From: Benjamin Herrenschmidt <benh@kernel.crashing.org>
To: Johannes Berg <johannes@sipsolutions.net>
Cc: linuxppc-dev list <linuxppc-dev@ozlabs.org>
Subject: snd-aoa & rates
Date: Sun, 26 Mar 2006 09:06:36 +1100 [thread overview]
Message-ID: <1143324396.6318.8.camel@localhost.localdomain> (raw)
Hi Johannes
Current snd-aoa blew up on me at module load btw ... anyway, that's not
my point here :)
I wonder if you may be doing something a bit too complicated and maybe
not perfectly wanted for your bitrates thingy... you basically end up
with min/max limits and bit size limits, sort-of
assuming that on analog, any rates you have in your list that fits those
limits will be available on a given codec. That may not be the case for
all codecs no ? Then you end up with a similar list for digital but
since you need discrete bitrates, you end up with a list with min==max.
Why not do something much simpler which is to define the known bitrates
as a bitmask and have the codec expose a bitmask of supported analog and
digital rates ?
In fact, I would have been even nastier and only exposed the
intersection of the above so I don't have to bother about rates that
digital won't support :) But I suppose that if you really want to
support 8k or 96k it might make sense to support others.
Also, for the sample sizes, same comment. Number of bits are not that
useful. I'd rather have a bitmask of formats: 8 bits, 16 bits msb, 24
bits msb, maybe lsb versions if supported, ac3, floating point if
supported, etc... That or an array. I'm sure Alsa already have constants
defined for those no ? I would then have the codec have a function
returning the required clocks for a given bitrate/format combination...

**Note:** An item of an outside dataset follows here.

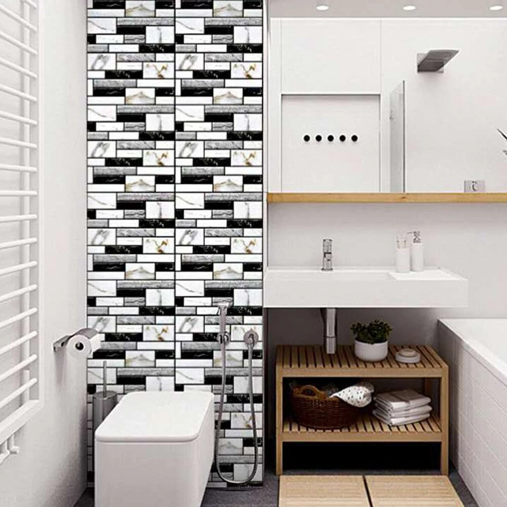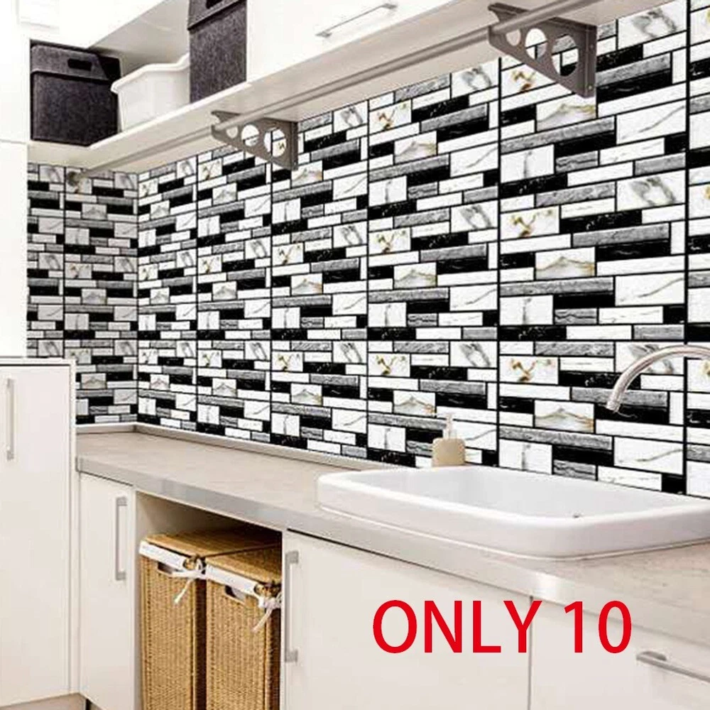 10PCS Self Adhesive Tile Wall Sticker Home Decor PVC Sticker Covers for1320 1: Three-dimensional decorative soft foam, anti-collision for children, care safe. 2: and environmental protection, non- odor-free, suitable for family safe home space. 3: lifelike, natural brick pattern effect, simple and modern style. 4: Free DIY, easy self-adhesive design, installation, casual collage, arbitrarily cut. 5: Compared wallpaper better noise reduction effect. Color: As Shown Material: PVC Package Contents: 10 x Self Adhesive Wall Sticker
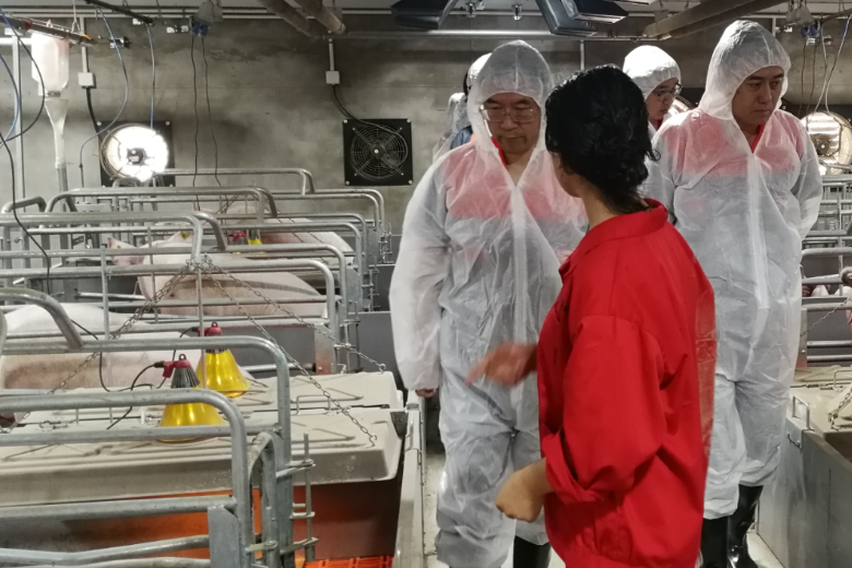 在大北农集团技术中心杨耀智总监的陪同下,大家对肇州二场的洗消中心、代养场、生产线进行了参观。洗消中心能够对整车进行全面清洗和消毒,并配备先进的烘干设备,能在短时间内对车体进行干燥,降低了疫病通过车辆传播的风险。代养场是大北农公司的主要经营模式,一般一个代养场每年可以出栏1000至5000头肥猪。距离猪场500米处建有出猪台,外界车辆只有通过出猪台,将仔猪运至各代养场,降低了疫病交叉感染的风险。在对分娩舍、不同日龄仔猪的产房参观交流后,大家对猪场的生产过程有了深入的了解。

That is all suggestions of course, if you feel that what you do is
better, then stick to it :)
Another thing I wouldn't have bothered with is again with whatever
digital supports or doesn't ... rather that trying to prevent some rates
from being useable by alsa based on a control that users will typically
not have means to set at the right time (what about a sound server
running all the time keeping the drier running, you want to block the
digital switch ?) what I would do is just "mute" the digital output if a
format is selected that isn't supported for digital. I would let the
user chose the formats they want at all time, and only clamp the digital
enable/disable switch. On this switch, btw, you should then remember the
user setting: if the user switches it off, remember off. If the user
switches it on, remember on, If the user sets it on but you have to mute
it, remember that so that when the sample size/format changes again,
unmute.
Sames goes for things that may be supported by the digital output and
not analog (ac3 ?). In this case, mute the analog outputs. The mutes of
these are controlled externally via the amps so it may be a bit
complicated, unless you define specific messages to the core for that,
or maybe just clamp the master volume down in the codec driver.
Ben.
next reply other threads:[~2006-03-25 22:07 UTC|newest]
Thread overview: 3+ messages / expand[flat|nested] mbox.gz Atom feed top
2006-03-25 22:06 Benjamin Herrenschmidt [this message]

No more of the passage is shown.